Il pensiero socialista dell’Ottocento è costituito da un insieme di idee culturali e
politiche che vanno: dall’illuminismo di Rousseau a l’utopismo settecentesco, al
giacobinismo fino all’umanitarismo cristiano.
            Vari pensatori:
 Fourier, utopista: tentò di realizzare un nuovo modello di società basato su molte
piccole comunità, di circa 1600 persone riunite in un’unica struttura, il falansterio,
comunità di vita e di lavoro dove le mansioni vengono svolte a turno, il reddito viene
diviso  equamente e dove c’è la parità dei sessi;
 Owen, imprenditore filantropo, riformatore e dirigente sindacale. Proprietario di una
filanda ebbe modo di constatare direttamente i devastanti effetti dello sviluppo
industriale sui lavoratori: abbrutimento fisico e psichico, alcolismo, ignoranza,
criminalità, cui corrispondevano negli imprenditori, l’avidità di guadagno e la sfrenata
concorrenza. Per rimediare a questi danni per Owen bisognava basare l’economia
sulla cooperazione e non sulla concorrenza. Progettò comunità agricolo-industriali
autosufficienti, in cui i produttori si scambiassero direttamente le merci al valore
determinato dalla quantità di lavoro in esse contenuta.

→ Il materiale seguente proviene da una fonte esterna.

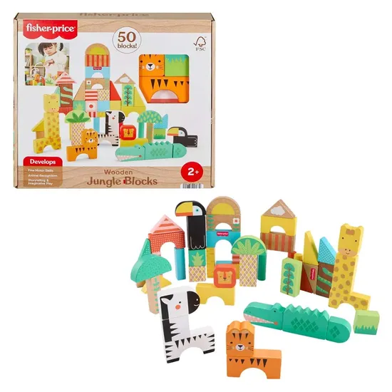 Fabricado com madeira proveniente de fontes bem geridas e certificadas pelo Forest Stewardship Council (FSC-N004566), este conjunto de 50 blocos proporciona uma experiência de jogo segura, resistente e educativa. As crianças podem construir seis animais exóticos diferentes —crocodilo, girafa, leão, zebra, tucano e tigre— ou misturar os blocos para inventar novas criaturas, promovendo a motricidade fina, a criatividade e o reconhecimento de animais. As cores e a decoração podem variar, tornando cada conjunto único.

 Blanc pensava di sostituire la proprietà privata e la concorrenza, cause fondamentali
della miseria operaia, con un sistema produttivo fondato sulle “fabbriche sociali”gestite
in cooperativa dai lavoratori
 Proudhon, che affermava che la “proprietà è un furto”, non proponeva l’abolizione
della proprietà ma la sua estensione a una pluralità di soggetti- artigiani, piccoli
imprenditori, società cooperative- posti in condizione di sviluppare con profitto la
propria attività; in questo caso la proprietà ha un alto valore sociale.
Dalla metà dell’Ottocento si iniziò a creare la distinzione tra socialismo e comunismo.

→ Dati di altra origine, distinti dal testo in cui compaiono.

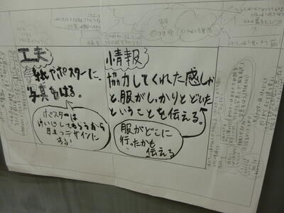 「届けよう 服の力 プロジェクト」では、皆様からのご協力もあり、無事、学校・地域・保護者の皆様からの着なくなった服(寄付)の回収が終わり、その寄付に対し、その感謝をどのように伝えるか…について話し合いを行いました。

Il filone politico comunista traeva origine dal giacobinismo radicale.
I comunisti teorizzavano:
 Blanqui la costruzione  di una società basata sulla proprietà comune della
ricchezza, da attuarsi per via rivoluzionaria;
 Marx ed Engels elaborarono una critica della società capitalistica industriale e una
teoria rivoluzionaria(elementi che distinguono il pensiero comunista da quello
socialista) su un’analisi che voleva essere “scientifica”delle contraddizioni interne a
tale società. 
Marx nella sua analisi parte dal divenire storico il cui motore è la lotta di classe, tra
la classe che detiene  il potere economico e quella che aspira a conquistarlo, fino ad
arrivare alla conquista del potere da parte della borghesia che secondo Marx ha
svolto una grande funzione storica, perché ha costruito una società più sviluppata e
più ricca di quella feudale. Tuttavia anche la società borghese è destinata ad essere
superata da una classe più evoluta e organizzata a causa di un conflitto insanabile
tra borghesia capitalistica, proprietaria dei mezzi di produzione, e la classe operaia
che possiede solo la forza lavoro. Il capitalista, infatti ottiene il suo profitto
attraverso lo sfruttamento del lavoro operaio, in quanto il lavoratore è retribuito
meno rispetto a quanto produce; da qui nasce il plusvalore. Accade, dunque, che la
borghesia, la parte minoritaria della società, si arricchisce, ma l’altra
maggioritaria, la classe operaia, si impoverisce. Marx afferma che non solo
l’operaio diventa sempre più povero, ma il suo lavoro è sempre più alienato,
consistendo nella ripetizione meccanica di operazioni alla macchina. Per tali
ragioni, Marx ritiene che quanto più la produzione capitalistica si diffonderà, tanto
più si unificherà la classe operaia. Lo sbocco di tale conflitto sarà l’abolizione della
proprietà privata dei mezzi di produzione e la realizzazione di una società senza
classi in cui sarà eliminato lo sfruttamento dell’uomo sull’uomo.
La discussione sulle teorie di Marx aprirà un dibattito nel corso dell’Ottocento
aprendo una divaricazione sempre più netta tra chi sosterrà un’interpretazione
rivoluzionaria e chi invece un’interpretazione riformista.